As stated above, these correlation numbers are computed over a sample of time series data after the date Jan 1, 2021. However, in such a dataset, correlation between the columns / assets can vary in time.
Let us check the consistency in correlation in time for the assets that have high correlation between them.

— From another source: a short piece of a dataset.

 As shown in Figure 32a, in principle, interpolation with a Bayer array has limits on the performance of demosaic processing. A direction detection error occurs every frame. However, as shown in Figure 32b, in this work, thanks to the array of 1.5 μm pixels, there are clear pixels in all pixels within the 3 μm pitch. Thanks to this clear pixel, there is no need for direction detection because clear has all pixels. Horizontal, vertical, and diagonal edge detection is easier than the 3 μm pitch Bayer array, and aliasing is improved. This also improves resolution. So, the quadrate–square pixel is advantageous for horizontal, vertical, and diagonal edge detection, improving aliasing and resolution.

We set the threshold of 0.75 and shortlist the pairs that have correlation number higher than this.

* Bitcoin Cash - Litecoin
* Bitcoin - Litecoin
* Bitcoin - Ethereum
* Ethereum - Litecoin

In [None]:
pairs_assets = [('Bitcoin Cash', 'Litecoin'), ('Bitcoin', 'Litecoin'), ('Bitcoin', 'Ethereum'), ('Ethereum', 'Litecoin')]

In [None]:
print(pairs_assets)

In [None]:
good_pairs = len(pairs_assets)

fig, ax = plt.subplots(nrows=good_pairs, ncols=1)

count = 0

for i in range(good_pairs):
    df_1 = df[df['Asset_Name'] == pairs_assets[i][0]]
    lret_df_1 = log_return(df_1.Close)[1:]
    lret_df_1.rename('lret_df_1', inplace=True)
    
    df_2 = df[df['Asset_Name'] == pairs_assets[i][1]]
    lret_df_2 = log_return(df_2.Close)[1:]
    lret_df_2.rename('lret_df_2', inplace=True)
    
    two_assets = pd.concat([lret_df_1, lret_df_2], axis=1)
    two_assets.reset_index(inplace = True)
    
    two_assets['timestamp'] = two_assets.timestamp.astype('int64') // 10**9
    two_assets.set_index('timestamp')
    
    # group consecutive rows and use .corr() for correlation between columns
    corr_time = two_assets.groupby(two_assets.index//(1000*20)).corr().loc[:,"lret_df_1"].loc[:,"lret_df_2"]

    #corr_time.plot()
    corr_time.plot(figsize = (15, 25), linewidth = 1.5, ax = ax[count], label = str(pairs_assets[i]), color = 'r')
    ax[count].legend(loc='upper left')
    ax[count].set_xlabel('TimeStamp')
    ax[count].set_ylabel("Correlation Coefficient")
    ax[count].set_title("Correlation between the two assets"+str(pairs_assets[i]))
    ax[count].grid()
    
    count = count + 1
    
    del(df_1)
    del(df_2)
    del(lret_df_1)
    del(lret_df_2)
    del(two_assets)
    del(corr_time)

Interestingly ! They have different correlation numbers in time but they have a very similar pattern. We can:
* Make finer the granularity level by wich the timestamps are grouped and check to what extent it holds.
* Decrease the threshold on the correlation computed on the latest sample to include more pairs in the list and see how the pattern varies.
* In the time window where these assets-pairs have low correlations, which other assets show higher correlation to these assets.